### EXERCISE INPUTS
################

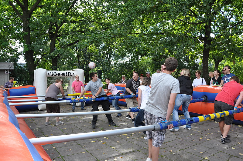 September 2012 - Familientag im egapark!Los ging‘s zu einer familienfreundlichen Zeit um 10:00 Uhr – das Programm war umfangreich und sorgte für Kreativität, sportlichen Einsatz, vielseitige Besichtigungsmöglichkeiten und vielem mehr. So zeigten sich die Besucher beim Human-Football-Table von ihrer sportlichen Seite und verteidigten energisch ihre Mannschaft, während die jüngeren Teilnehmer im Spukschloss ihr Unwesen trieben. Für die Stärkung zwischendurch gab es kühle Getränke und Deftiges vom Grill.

################

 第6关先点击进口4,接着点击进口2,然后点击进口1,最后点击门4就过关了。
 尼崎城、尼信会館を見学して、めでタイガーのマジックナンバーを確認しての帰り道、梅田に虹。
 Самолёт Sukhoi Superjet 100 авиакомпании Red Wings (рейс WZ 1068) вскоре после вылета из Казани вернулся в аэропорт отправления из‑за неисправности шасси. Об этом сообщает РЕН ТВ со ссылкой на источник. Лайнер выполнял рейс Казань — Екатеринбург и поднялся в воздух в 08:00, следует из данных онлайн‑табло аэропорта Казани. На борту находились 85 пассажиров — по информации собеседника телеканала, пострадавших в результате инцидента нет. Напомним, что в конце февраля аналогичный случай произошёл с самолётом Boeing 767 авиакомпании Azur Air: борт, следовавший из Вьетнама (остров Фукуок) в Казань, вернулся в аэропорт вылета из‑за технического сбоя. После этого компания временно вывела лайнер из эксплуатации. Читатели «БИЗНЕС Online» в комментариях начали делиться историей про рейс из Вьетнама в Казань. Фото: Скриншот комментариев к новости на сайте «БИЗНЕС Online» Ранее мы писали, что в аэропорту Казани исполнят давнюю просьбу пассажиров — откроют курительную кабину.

################

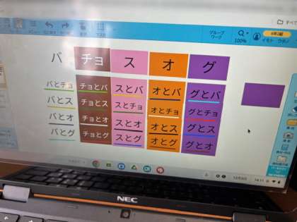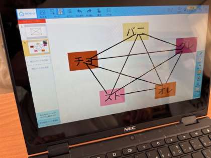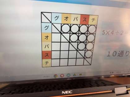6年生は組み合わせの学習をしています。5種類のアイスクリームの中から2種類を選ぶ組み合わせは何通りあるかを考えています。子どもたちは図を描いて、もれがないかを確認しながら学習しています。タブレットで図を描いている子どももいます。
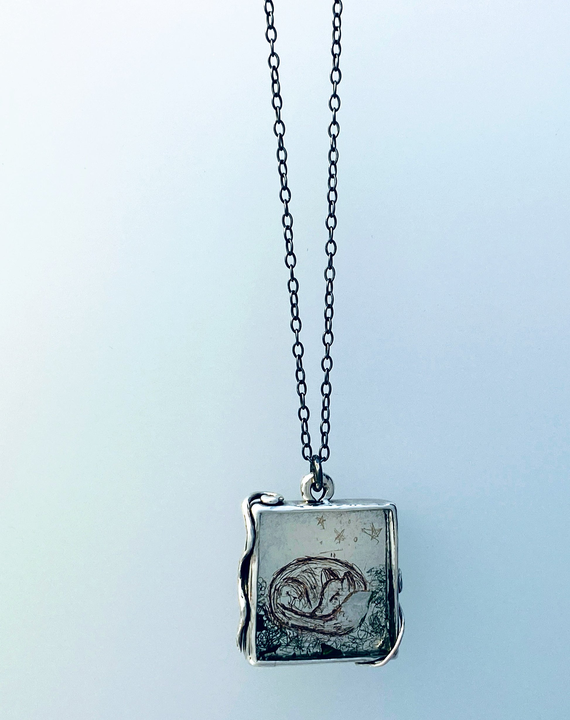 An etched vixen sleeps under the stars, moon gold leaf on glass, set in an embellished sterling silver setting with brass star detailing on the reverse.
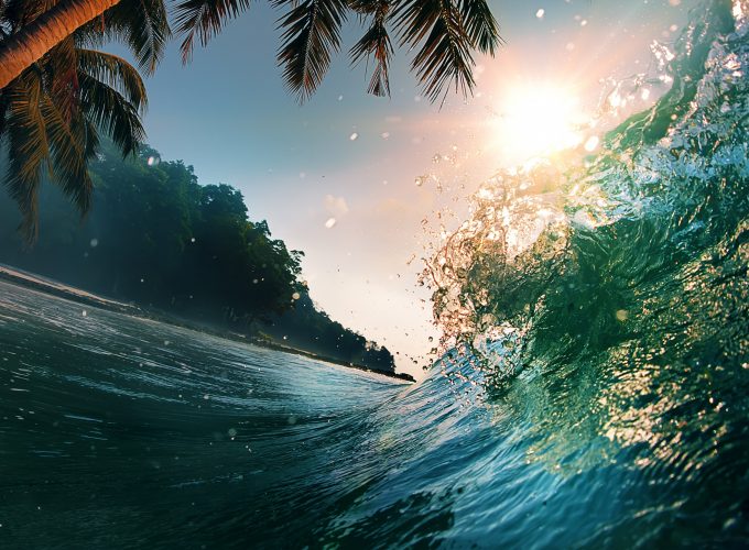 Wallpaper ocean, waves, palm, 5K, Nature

################

### TO DO
Of the lines above, quote exactly those from the one with "6年生は組み合わせの学習をし" through the one with "Wallpaper ocean, waves, palm, 5K, Nature", ends included; pictures stay out.

### RESULT FOR THIS EXERCISE
6年生は組み合わせの学習をしています。5種類のアイスクリームの中から2種類を選ぶ組み合わせは何通りあるかを考えています。子どもたちは図を描いて、もれがないかを確認しながら学習しています。タブレットで図を描いている子どももいます。
 An etched vixen sleeps under the stars, moon gold leaf on glass, set in an embellished sterling silver setting with brass star detailing on the reverse.
 Wallpaper ocean, waves, palm, 5K, Nature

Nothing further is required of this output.